Mr. Buckley: I'd say that investor sentiment for the restaurant industry has changed pretty significantly in the last three months, becoming favorable at long last. If you look back over the last year and a half, investor sentiment has been very negative. Up until the past couple of months, investors tended to shrug off what has been a very good fundamental performance by the industry. That has shifted more favorably partially due to rotation of money away from technology and also due to growing concerns about a slowing overall economy where the relative earnings growth of restaurants is apt to look quite good.

TWST: Joe, what are your three top picks?

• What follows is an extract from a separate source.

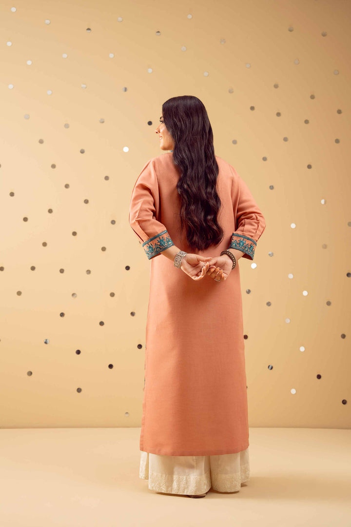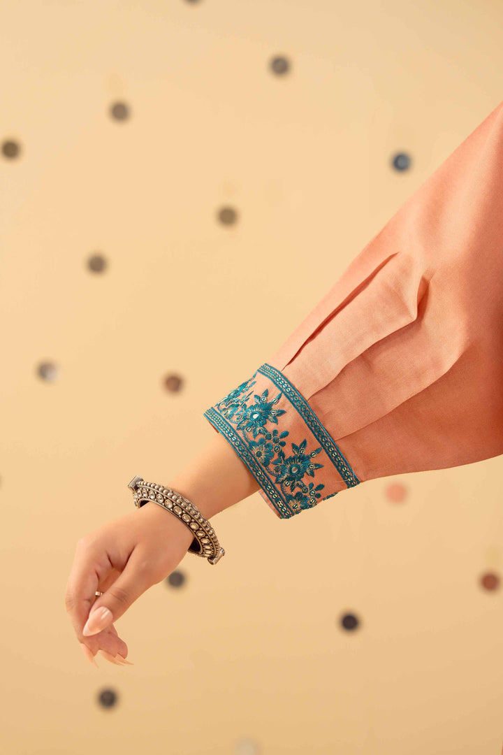 Embroidered Long Shirt Featuring a Round Band Neckline with Slit and Kimono-Style Pleated Sleeves.
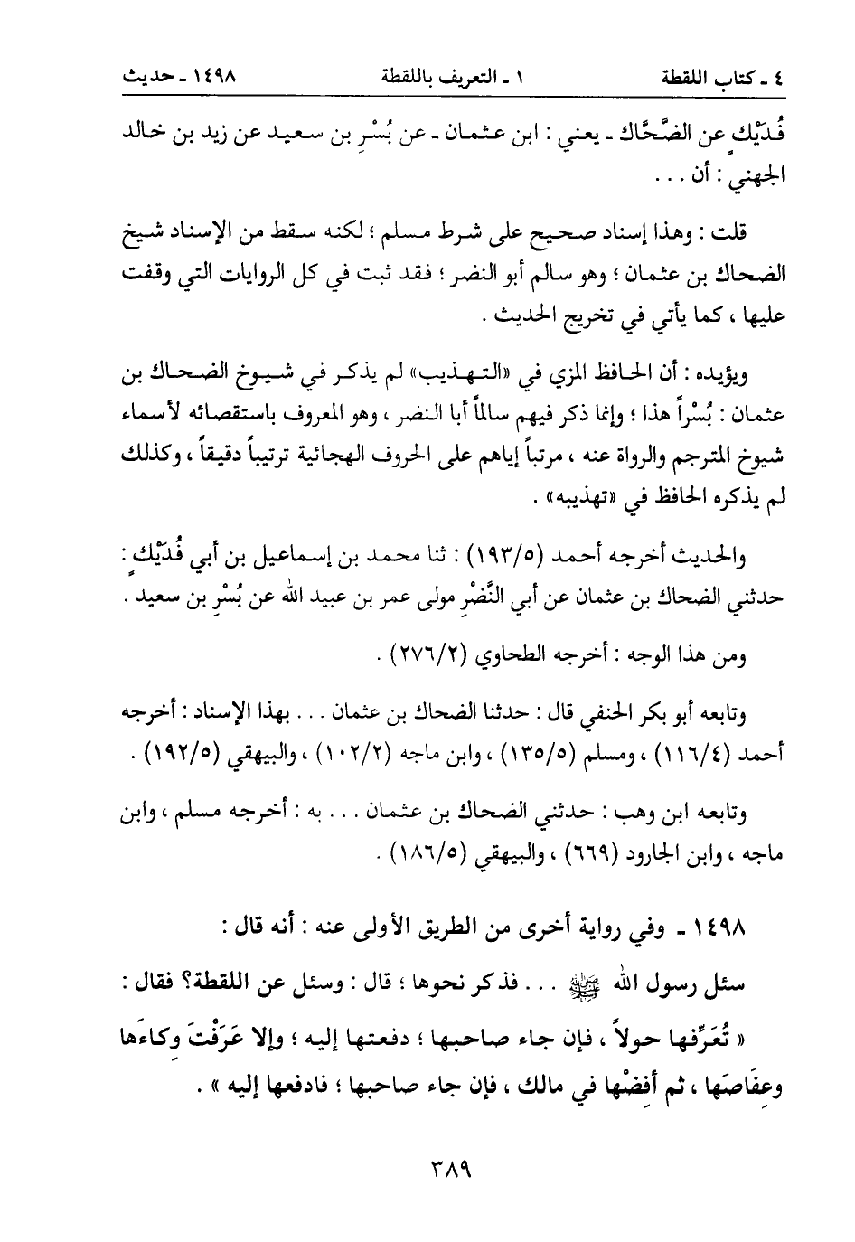 1498- وفي رواية أخرى من الطريق الأولى عنه: أنه قال:

Mr. Buckley: I would choose Applebee’s (Nasdaq:APPB) as one of our top three. It’s a very significant player in casual dining but one that has underperformed. Several people on the panel have mentioned going with the dogs of 2000, and Applebee’s has been a dog in 2000 from a same-store sales perspective. There are two or three aspects of Applebee’s that appeal to us. One is that they have taken steps to try to improve the quality of their food by rolling out a new core menu in the company markets. When you get past the first quarter of 2001, the company has very easy comparisons. Ideally, we like to think that you can capture the growth of casual dining in a fast food-like franchising business model that permits Applebee’s to offer investors a unique combination of growth and defensiveness. I’ll note that with disappointing sales in 2000, our estimate for Applebee’s early in the year was $2.42 for 2000. Our current estimate is $2.40. There aren’t many companies that would have experienced that little variability given the disappointments in same-store sales, which have been up only modestly in the past two quarters. And that’s driven by the franchising business model. So when we look out to next year, if investors are seeking a little bit more defensive posture, Applebee’s provides that, but it also provides growth opportunities in casual dining as well as growth opportunities specific to the company after a disappointing 2000 that creates easy comps.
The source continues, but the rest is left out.